Y, ya que había obtenido su título de piloto volando con un avión de los fabricados por Henri Farman, un modelo con motor Gnôme de 50 CV, el siguiente paso lógico era hacerse con un avión similar para realizar exhibiciones. Ahí es cuando llega la prueba aérea que he mencionado al comienzo de estas letras, la que tuvo lugar en San Sebastián. Por supuesto que Loygorri era un “principiante”, como escribía el periodista, pues apenas había pasado poco más de un mes desde que lograra su licencia de piloto, pero eso no fue un obstáculo para que consiguiera superar a sus rivales, los franceses Tabuteau y Garnier, en aquel concurso de vuelo organizado por el Real Aeroclub de Guipúzcoa. Imaginemos cómo se encontraba Benito en ese momento, ¡había triunfado siendo un piloto recién graduado de apenas veinticinco años! Lo malo es que aquella tarde no terminó del todo bien. Después del concurso, nuestro ganador, feliz y exultante, decidió ofrecer algún bautismo de vuelo. Contaba por entonces Loygorri con una novia donostiarra a la que llevó volando por la costa. Se trataba de María Minondo, que se convirtió a partir de entonces en la primera mujer que voló en España como pasajera y, de paso, en la primera que se estrelló. No pasó nada grave, por fortuna. El avión de Loygorri volaba sobre la playa de Ondarreta intentando aterrizar tras un fallo del motor, pero terminó planeando sobre las aguas cantábricas hasta finalizar su viaje flotando muy cerca de las arenas y del gentío. La chica se llevó un buen susto y un remojón que a buen seguro no olvido nunca, además de un enfado monumental que terminó con su relación con el piloto en aquel mismo momento.

 

Lo de San Sebastián fue el primero de muchos eventos de exhibición que Loygorri llevó a cabo en numerosas ciudades españolas. Su avión de la casa Farman, que por lo mencionado en las crónicas fallaba bastante, fue el primero de los diversos aviones que el piloto adquirió para aquellas celebraciones aéreas. No vaya a creerse que la cosa era sencilla. Tener un avión y una licencia de piloto no era suficiente. Los campos de vuelo prácticamente no existían, por lo que nuestro piloto montó toda una compañía, con cierto parecido a un “circo”, con la que recorría los caminos españoles de ciudad en ciudad, de feria en feria, eligiendo campos más o menos adecuados y cargando con gran cantidad de equipamiento, transportado todo ello en tren o con carruajes.

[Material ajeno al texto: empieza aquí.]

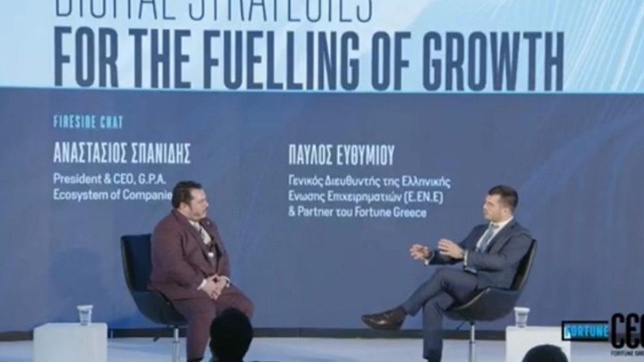 Τον πρωταγωνιστικό αυτό ρόλο της στρατηγικής προς τον δρόμο του ψηφιακού μετασχηματισμού, στο επιχειρείν αλλά και γενικότερα σε επίπεδο οργανισμών και κρατών, ανέδειξε ο πρόεδρος και διευθύνων σύμβουλος του ελληνικού πολυεθνικού ομίλου G.P.A Ecosystem of Companies, Αναστάσιος Σπανίδης σε συζήτηση που είχε με το Παύλo Ευθυμίου, γενικό διευθυντή της Ελληνικής Ένωσης Επιχειρηματιών (ΕΕΝΕ) & Partner του FortuneGreece στο συνέδριο Fortune Greece CEO Initiative.

Llegado a la ciudad de destino, había que montar el avión, probar los equipos, revisar si el campo era adecuado y, finalmente, volar mientras el público no salía de su asombro. A sus aventuras como piloto se unión una incansable labor para promocionar la aviación como deporte, además de convertirse en representante comercial de los aviones Farman para España. En esos días la aviación militar española estaba naciendo, siendo Loygorri el primer proveedor de aviones para el ejército, concretamente tres unidades de la casa Farman.

 


 

Fue pionero igualmente del vuelo turístico, pues en 1913 voló desde Peñaranda de Bracamonte en Salamanca hasta Medina del Campo para, al día siguiente, continuar hacia Valladolid, con intención de seguir hasta Burgos. Su familia vivía por entonces en Valladolid, ciudad en la que, mientras nuestro piloto visitaba a su madre, una tempestad averió su avión, terminando con aquella excursión aérea. Llegada la Gran Guerra, con escasez de materiales en Europa, el piloto saltó al otro lado del Atlántico. En México formó a nuevos pilotos durante varios años, hasta que todo cambió para siempre. Sucedió en 1917, en Bridgeport, Estados Unidos. Realizando las pruebas de un avión tuvo un grave accidente. Durante un tiempo continuó con su tarea formando pilotos, pero pronto quedó claro que sus lesiones le impedían seguir con su aventura aérea.

 

No fue el final de su pasión por la tecnología, simplemente decidió cambiar de aires. De vuelta a España, viviendo en Madrid, tras casarse en 1918 en Cuba, Loygorri se convierte en representante de diversas industrias. Destaca por encima de todas ellas su labor durante muchos años como gerente para España y Portugal del gigante estadounidense General Motors. Siendo exitoso empresario, recordaba Benito Loygorri sus viejos tiempos de aviador de esta manera en las páginas del diario As, en la edición del 9 de agosto de 1932, a través de una entrevista realizada por F. Díaz Roncero:

 

—¿Cómo se le ocurrió a usted hacerse piloto?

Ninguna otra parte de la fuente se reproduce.